** Data provided follows **

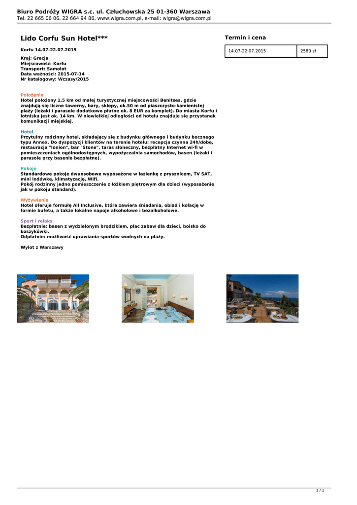 Biuro Podróży WIGRA s.c. ul. Człuchowska 25 01-360 Warszawa Tel. 22 665 06 06, 22 664 94 86, www.wigra.com.pl, e-mail: [email protected] Lido Corfu Sun Hotel*** Korfu 14.07-22.07.2015 Termin i cena 14.07-22.07.2015 2589 zł Kraj: Grecja Miejscowość: Korfu Transport: Samolot Data ważności: 2015-07-14 Nr katalogowy: Wczasy/2015 Położenie Hotel położony 1,5 km od małej turystycznej miejscowości Benitses, gdzie znajdują się liczne tawerny, bary, sklepy, ok.50 m od piaszczysto-kamienistej plaży (leżaki i parasole dodatkowo płatne ok. 8 EUR za komplet). Do miasta Korfu i lotniska jest ok. 14 km. W niewielkiej odległości od hotelu znajduje się przystanek komunikacji miejskiej. Hotel Przytulny rodzinny hotel, składający się z budynku głównego i budynku bocznego typu Annex. Do dyspozycji klientów na terenie hotelu: recepcja czynna 24h/dobę, restauracja "Ionion", bar "Stone", taras słoneczny, bezpłatny Internet wi-fi w pomieszczeniach ogólnodostępnych, wypożyczalnia samochodów, basen (leżaki i parasole przy basenie bezpłatne). Pokoje Standardowe pokoje dwuosobowe wyposażone w łazienkę z prysznicem, TV SAT, mini lodówkę, klimatyzację, Wifi. Pokój rodzinny jedno pomieszczenie z łóżkiem piętrowym dla dzieci (wyposażenie jak w pokoju standard). Wyżywienie Hotel oferuje formułę All Inclusive, która zawiera śniadania, obiad i kolację w formie bufetu, a także lokalne napoje alkoholowe i bezalkoholowe. Sport i relaks Bezpłatnie: basen z wydzielonym brodzikiem, plac zabaw dla dzieci, boisko do koszykówki. Odpłatnie: możliwość uprawiania sportów wodnych na plaży. Wylot z Warszawy 1/1 Powered by TCPDF (www.tcpdf.org)
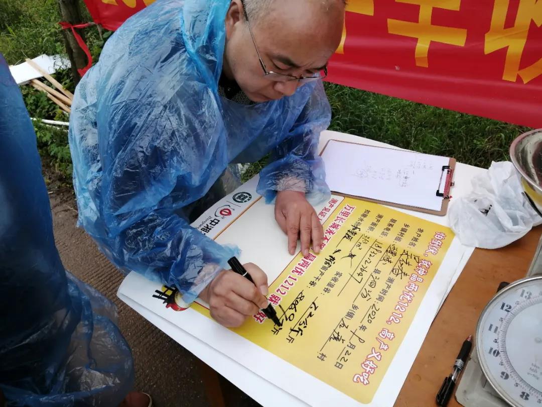 在湖南汨羅分會(huì)場(chǎng),稻香米業(yè)董事長(zhǎng)謝光新、汨羅生產(chǎn)方代表李凱陽(yáng)、優(yōu)至種業(yè)代表凌強(qiáng)簽訂了稻谷收購(gòu)簽約三方協(xié)議,現(xiàn)場(chǎng)簽約訂單10000畝,收購(gòu)價(jià)格為2.9元/公斤,相當(dāng)于145元一百斤,高于普通稻谷10-15元每百斤,現(xiàn)場(chǎng)農(nóng)戶十分喜悅,糧食價(jià)格有了保障,明年將繼續(xù)種植高產(chǎn)優(yōu)質(zhì)水稻品種泰優(yōu)390。
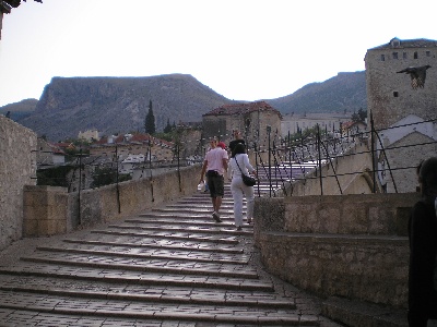 Este indult az autóbusz, reggel 6-kor Mostárban voltunk. Ott volt egy rövid városnézés, átmentünk az újjáépített „régi” hídon az óvárosba, gyönyörködtünk a smaragdzöld Neretvában. Gyönyörű hely. Volt szerencsém látni a háború előtti Mostart. Korcsulára többször mentünk, s ha a dalmát tengerpartra mentünk, akkor is a Neretva völgyén átmenő utat használtuk, s Mostárban mindig megpihentünk. Borzasztó fájdalmat, dühöt éreztem, amikor hallottam a város, az öreg híd elpusztításáról. Most azt tapasztaltuk, hogy szép lassan kezdik a sebeket begyógyítani, és némiképp az eredeti helyzetet visszaállítani.
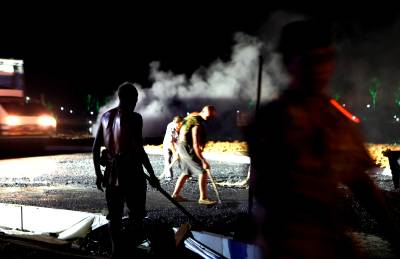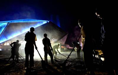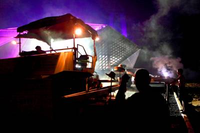 《挑灯夜战》8月15日黄石新体育馆施工单位,在晚上凉爽时段组织工人挑灯夜战,实施体育馆西门最后一条通道的收尾工程。
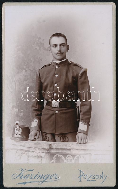 cca 1895 Katona műtermi portréja, keményhátú fotó Karinger pozsonyi mű... https://www.darabanth.com/de/359-Fernauktion/359.0/Kunst-Dokumente-andere-Sammelgebiete/Militaria~500028/cca-1895-Katona-mutermi-portreja-kemenyhatu-foto-Karinger-pozsonyi-mutermebol-11C3976-5-cm~II2066877
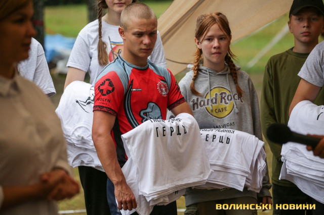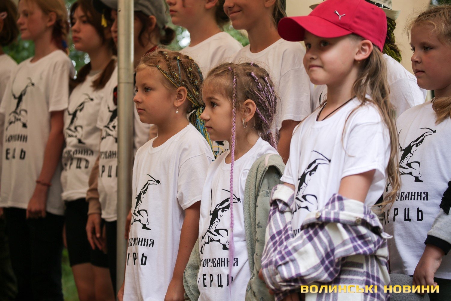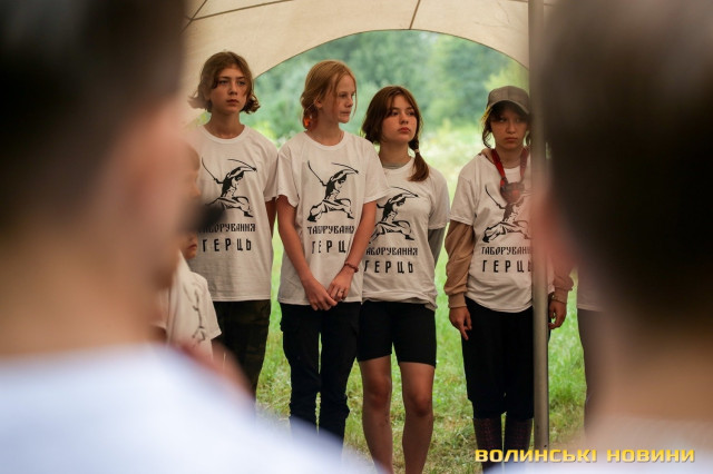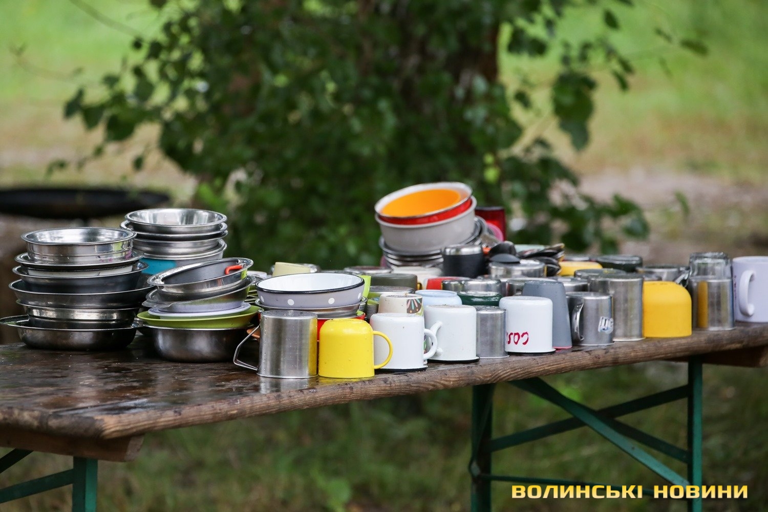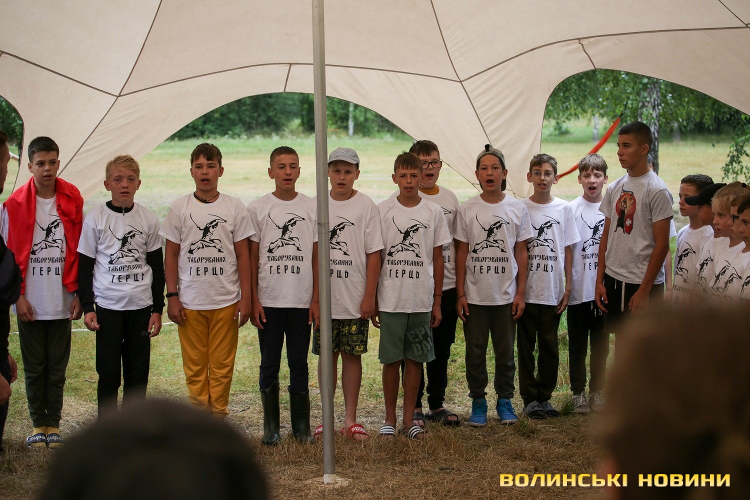 Долучився до проведення табору і Фонд Ігоря Палиці «Тільки разом», який подарував дітям футболки, що символізують їхню участь у козацькому вишколі.Загалом козацьке наметове таборування триває протягом десяти днів. Під час першого заїзду таборувалися 54 дитини, другого – 74 дитини, а нині у наметах живуть 46 дітей. Серед них – ті, хто втратив батьків під час війни, діти військовослужбовців, діти внутрішньо переміщених осіб та діти, які просто захотіли пройти козацький вишкіл.«Таборування передбачає пристосування до польових умов, тому діти беруть участь в організації табору. Вони допомагають на кухні, збирають дрова, приносять воду, тобто навчаються бути дисциплінованими та самостійними. За певну роботу отримують козацькі гривні, які зможуть витратити на розваги або ж на аукціоні наприкінці таборування. Також програма передбачає різні локації та квести, зокрема стрільбу з лука, пневматичної зброї, метання ножів та гончарство. Окрім того, діти грають козацькі ігри, проходять вишкіл. До нас навіть приїжджають лицарі, які показують майстер-клас», – розповів керівник Музею історії сільського господарства Волині-скансен Роман Ковальчук.Фонд Ігоря Палиці «Тільки разом» завжди долучається до хороших ініціатив музею-скансену, цей випадок не став винятком, адже нині діти військовослужбовців потребують особливої уваги.
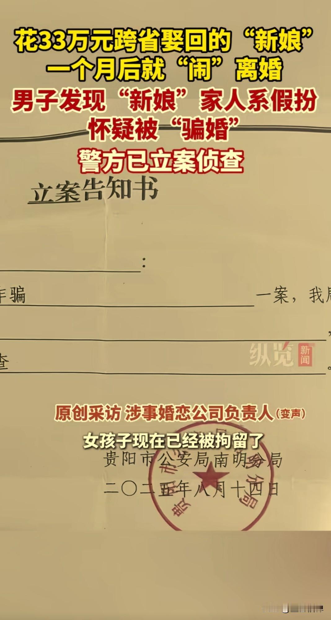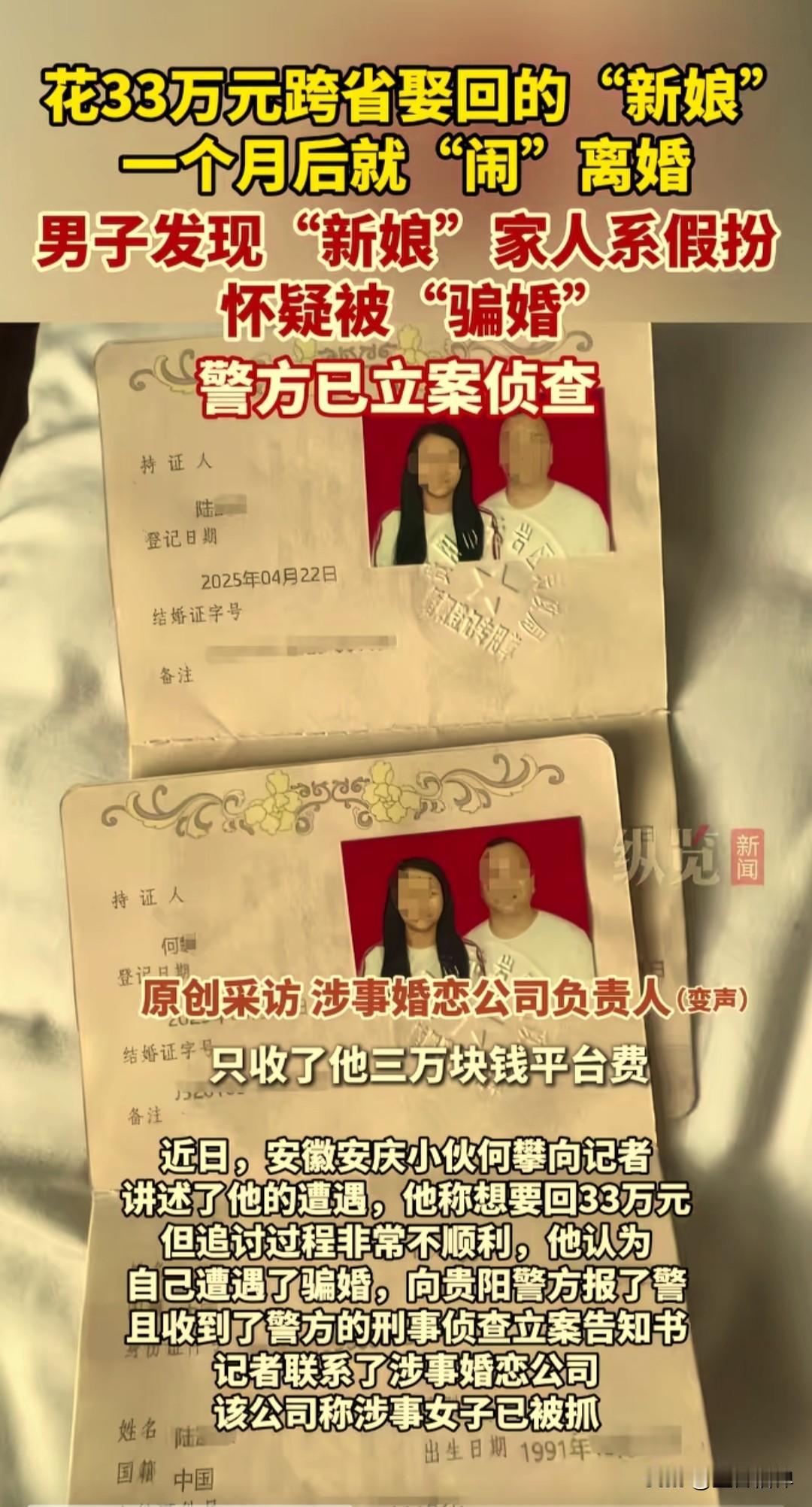 安徽安庆太湖县29岁男子何先生,因单身想找个老婆结婚,在贵州一婚恋公司介绍认识了一名女子,相识两天就领证,结果女子4天就跑了,被骗损失约33万元。 何先生说他在温州一家鞋厂上班,虽然辛苦点,但是每个月也有一万块钱收入,就是一直没有女朋友,刷视频软件的时候看到老家一个镇有红娘介绍对象,他联系了一下,对方说有20万就够了。 他想着先不买房了,正好手里有几十万,先成个家娶个老婆,就和红娘一起去了贵州花果园相亲,当天就相了一个女的,比较看好。 没想到的是那女的父母都是演员,不是真正的父母,姑姑也是别人假扮的,女子也隐瞒了吸毒史和有过几次离婚的事情,并且家里还有一个小孩。 女子和何先生领证后去了他家,没想到住了4天就跑了,一个月后女子提出离婚,双方仅就同房过一次。 目前贵州警方以涉嫌诈骗罪立案侦查,女子陆某已被刑事拘留,婚恋公司及红娘退回了收取的平台费和介绍费等费用,婚恋公司已经关门,给女方的钱还未追回。 何先生发视频说事情已经发生了,也不怕发出视频丢人坏了名声什么的,只是想告诉大家,他是上当受骗了,不是他自己的原因对方过不下去导致这样的结果,希望让更多人看到,不想大家上当受骗。

** End of Data provided **

- What you will do:
Could every line above be set down exactly, with the pictures omitted?

- Completed task:
 Biuro Podróży WIGRA s.c. ul. Człuchowska 25 01-360 Warszawa Tel. 22 665 06 06, 22 664 94 86, www.wigra.com.pl, e-mail: [email protected] Lido Corfu Sun Hotel*** Korfu 14.07-22.07.2015 Termin i cena 14.07-22.07.2015 2589 zł Kraj: Grecja Miejscowość: Korfu Transport: Samolot Data ważności: 2015-07-14 Nr katalogowy: Wczasy/2015 Położenie Hotel położony 1,5 km od małej turystycznej miejscowości Benitses, gdzie znajdują się liczne tawerny, bary, sklepy, ok.50 m od piaszczysto-kamienistej plaży (leżaki i parasole dodatkowo płatne ok. 8 EUR za komplet). Do miasta Korfu i lotniska jest ok. 14 km. W niewielkiej odległości od hotelu znajduje się przystanek komunikacji miejskiej. Hotel Przytulny rodzinny hotel, składający się z budynku głównego i budynku bocznego typu Annex. Do dyspozycji klientów na terenie hotelu: recepcja czynna 24h/dobę, restauracja "Ionion", bar "Stone", taras słoneczny, bezpłatny Internet wi-fi w pomieszczeniach ogólnodostępnych, wypożyczalnia samochodów, basen (leżaki i parasole przy basenie bezpłatne). Pokoje Standardowe pokoje dwuosobowe wyposażone w łazienkę z prysznicem, TV SAT, mini lodówkę, klimatyzację, Wifi. Pokój rodzinny jedno pomieszczenie z łóżkiem piętrowym dla dzieci (wyposażenie jak w pokoju standard). Wyżywienie Hotel oferuje formułę All Inclusive, która zawiera śniadania, obiad i kolację w formie bufetu, a także lokalne napoje alkoholowe i bezalkoholowe. Sport i relaks Bezpłatnie: basen z wydzielonym brodzikiem, plac zabaw dla dzieci, boisko do koszykówki. Odpłatnie: możliwość uprawiania sportów wodnych na plaży. Wylot z Warszawy 1/1 Powered by TCPDF (www.tcpdf.org)
 在湖南汨羅分會(huì)場(chǎng),稻香米業(yè)董事長(zhǎng)謝光新、汨羅生產(chǎn)方代表李凱陽(yáng)、優(yōu)至種業(yè)代表凌強(qiáng)簽訂了稻谷收購(gòu)簽約三方協(xié)議,現(xiàn)場(chǎng)簽約訂單10000畝,收購(gòu)價(jià)格為2.9元/公斤,相當(dāng)于145元一百斤,高于普通稻谷10-15元每百斤,現(xiàn)場(chǎng)農(nóng)戶十分喜悅,糧食價(jià)格有了保障,明年將繼續(xù)種植高產(chǎn)優(yōu)質(zhì)水稻品種泰優(yōu)390。
 Este indult az autóbusz, reggel 6-kor Mostárban voltunk. Ott volt egy rövid városnézés, átmentünk az újjáépített „régi” hídon az óvárosba, gyönyörködtünk a smaragdzöld Neretvában. Gyönyörű hely. Volt szerencsém látni a háború előtti Mostart. Korcsulára többször mentünk, s ha a dalmát tengerpartra mentünk, akkor is a Neretva völgyén átmenő utat használtuk, s Mostárban mindig megpihentünk. Borzasztó fájdalmat, dühöt éreztem, amikor hallottam a város, az öreg híd elpusztításáról. Most azt tapasztaltuk, hogy szép lassan kezdik a sebeket begyógyítani, és némiképp az eredeti helyzetet visszaállítani.
 《挑灯夜战》8月15日黄石新体育馆施工单位,在晚上凉爽时段组织工人挑灯夜战,实施体育馆西门最后一条通道的收尾工程。
 cca 1895 Katona műtermi portréja, keményhátú fotó Karinger pozsonyi mű... https://www.darabanth.com/de/359-Fernauktion/359.0/Kunst-Dokumente-andere-Sammelgebiete/Militaria~500028/cca-1895-Katona-mutermi-portreja-kemenyhatu-foto-Karinger-pozsonyi-mutermebol-11C3976-5-cm~II2066877
 Долучився до проведення табору і Фонд Ігоря Палиці «Тільки разом», який подарував дітям футболки, що символізують їхню участь у козацькому вишколі.Загалом козацьке наметове таборування триває протягом десяти днів. Під час першого заїзду таборувалися 54 дитини, другого – 74 дитини, а нині у наметах живуть 46 дітей. Серед них – ті, хто втратив батьків під час війни, діти військовослужбовців, діти внутрішньо переміщених осіб та діти, які просто захотіли пройти козацький вишкіл.«Таборування передбачає пристосування до польових умов, тому діти беруть участь в організації табору. Вони допомагають на кухні, збирають дрова, приносять воду, тобто навчаються бути дисциплінованими та самостійними. За певну роботу отримують козацькі гривні, які зможуть витратити на розваги або ж на аукціоні наприкінці таборування. Також програма передбачає різні локації та квести, зокрема стрільбу з лука, пневматичної зброї, метання ножів та гончарство. Окрім того, діти грають козацькі ігри, проходять вишкіл. До нас навіть приїжджають лицарі, які показують майстер-клас», – розповів керівник Музею історії сільського господарства Волині-скансен Роман Ковальчук.Фонд Ігоря Палиці «Тільки разом» завжди долучається до хороших ініціатив музею-скансену, цей випадок не став винятком, адже нині діти військовослужбовців потребують особливої уваги.
 安徽安庆太湖县29岁男子何先生,因单身想找个老婆结婚,在贵州一婚恋公司介绍认识了一名女子,相识两天就领证,结果女子4天就跑了,被骗损失约33万元。 何先生说他在温州一家鞋厂上班,虽然辛苦点,但是每个月也有一万块钱收入,就是一直没有女朋友,刷视频软件的时候看到老家一个镇有红娘介绍对象,他联系了一下,对方说有20万就够了。 他想着先不买房了,正好手里有几十万,先成个家娶个老婆,就和红娘一起去了贵州花果园相亲,当天就相了一个女的,比较看好。 没想到的是那女的父母都是演员,不是真正的父母,姑姑也是别人假扮的,女子也隐瞒了吸毒史和有过几次离婚的事情,并且家里还有一个小孩。 女子和何先生领证后去了他家,没想到住了4天就跑了,一个月后女子提出离婚,双方仅就同房过一次。 目前贵州警方以涉嫌诈骗罪立案侦查,女子陆某已被刑事拘留,婚恋公司及红娘退回了收取的平台费和介绍费等费用,婚恋公司已经关门,给女方的钱还未追回。 何先生发视频说事情已经发生了,也不怕发出视频丢人坏了名声什么的,只是想告诉大家,他是上当受骗了,不是他自己的原因对方过不下去导致这样的结果,希望让更多人看到,不想大家上当受骗。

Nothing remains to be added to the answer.